Additional Exclusion Criteria for HCC Cohort ONLY:

• Child-Pugh Score Class B9; or Child-Pugh Class C
• Radiotherapy treatment to more than 30% of the bone marrow or with a wide field of radiation within 28 days of the first dose of EAP treatments.
• History of allogenic organ transplantation (e.g., liver transplant).
• History of hepatic encephalopathy within the past 12 months or requirement for medications to prevent or control encephalopathy (e.g., no lactulose, rifaximin, etc if used for purposes of hepatic encephalopathy.
• Clinically meaningful ascites, defined as any ascites requiring non-pharmacologic intervention (e.g., paracentesis) to maintain symptomatic control, within 2 months before the first EAP treatment dose. Patients on stable doses of diuretics for ascites for ≥2 months are eligible.
• Patients with main portal vein thrombosis (i.e., thrombosis in the main trunk of the portal vein, with or without blood flow) on baseline imaging.

• Active or previously documented autoimmune or inflammatory disorders (including inflammatory bowel disease [e.g., colitis or Crohn's disease], diverticulitis [except for diverticulosis], systemic lupus erythematosus, Sarcoidosis syndrome, or Wegener syndrome [granulomatosis with polyangiitis, Graves' disease, rheumatoid arthritis, hypophysitis, uveitis, etc]). Patients without active disease in the last 5 years are excluded unless discussed with the Treating Physician and considered appropriate for EAP participation. The following are exceptions to this criterion:

  • Patients with vitiligo or alopecia
  • Patients with hypothyroidism (e.g., following Hashimoto syndrome) stable on hormone replacement
  • Any chronic skin condition that does not require systemic therapy
  • Patients with celiac disease controlled by diet alone

• Patients co-infected with HBV and HCV, or co-infected with HBV and hepatitis D virus (HDV).

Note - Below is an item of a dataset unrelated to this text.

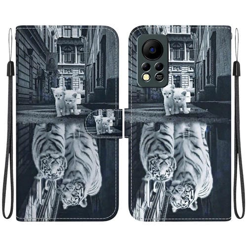 Funda para teléfono Infinix Hot 11S Nfc X6812B cuero dibujo coloreado textura cristal (Reflejo Tigre Gato)

HBV positive (presence of HbsAg and/or anti-HBcAb with detectable HBV DNA); HCV positive (presence of anti-HCV antibodies); HDV positive (presence of anti-HDV antibodies).

  o Note: Testing required for subjects with a known history otherwise not required.

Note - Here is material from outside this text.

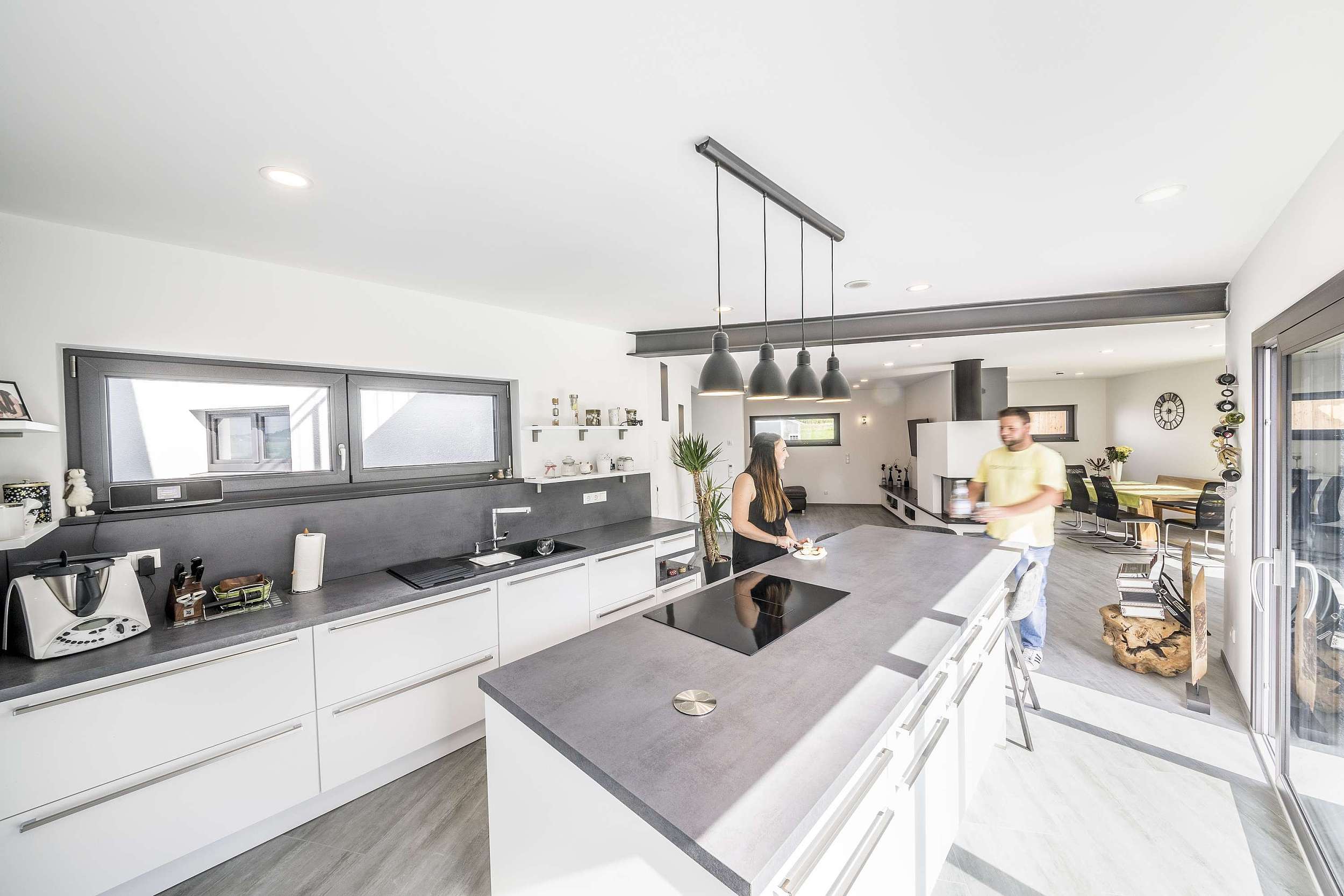 Modern 240 ist ein Einfamilienhaus mit integriertem Arbeitsbereich. Im Erdgeschoss sind Wohnen, Essen und Kochen offen angeordnet und klar zoniert. Große Fensterflächen öffnen den Wohnbereich zum Garten. Die Küche mit Insel ist funktional eingebunden und bildet das Zentrum des Familienlebens.

• Known fibrolamellar HCC, sarcomatoid HCC, or mixed cholangiocarcinoma and HCC.
• History of active primary immunodeficiency.

• Current or prior use of immunosuppressive medication within 14 days before the first dose of EAP treatment. The following are exceptions to this criterion:

  • Intranasal, inhaled, topical steroids, or local steroid injections (e.g., intra-articular injection)
  • Systemic corticosteroids at physiologic doses not to exceed 10 mg/day of prednisone or its equivalent
  • Steroids as pre-medication for hypersensitivity reactions (e.g., CT scan pre-medication)
• Receipt of live attenuated vaccine within 30 days before first dose of treatment. Note: patients, if enrolled, should not receive live vaccine while receiving study treatment, and up to 30 days after the last dose of study treatment.
• Previous randomization or treatment in a previous durvalumab and/or tremelimumab clinical study regardless of treatment arm assignment.
• Patients who have received anti-PD-1, anti-PD-L1, or anti-CTLA-4 before the first dose of EAP treatment.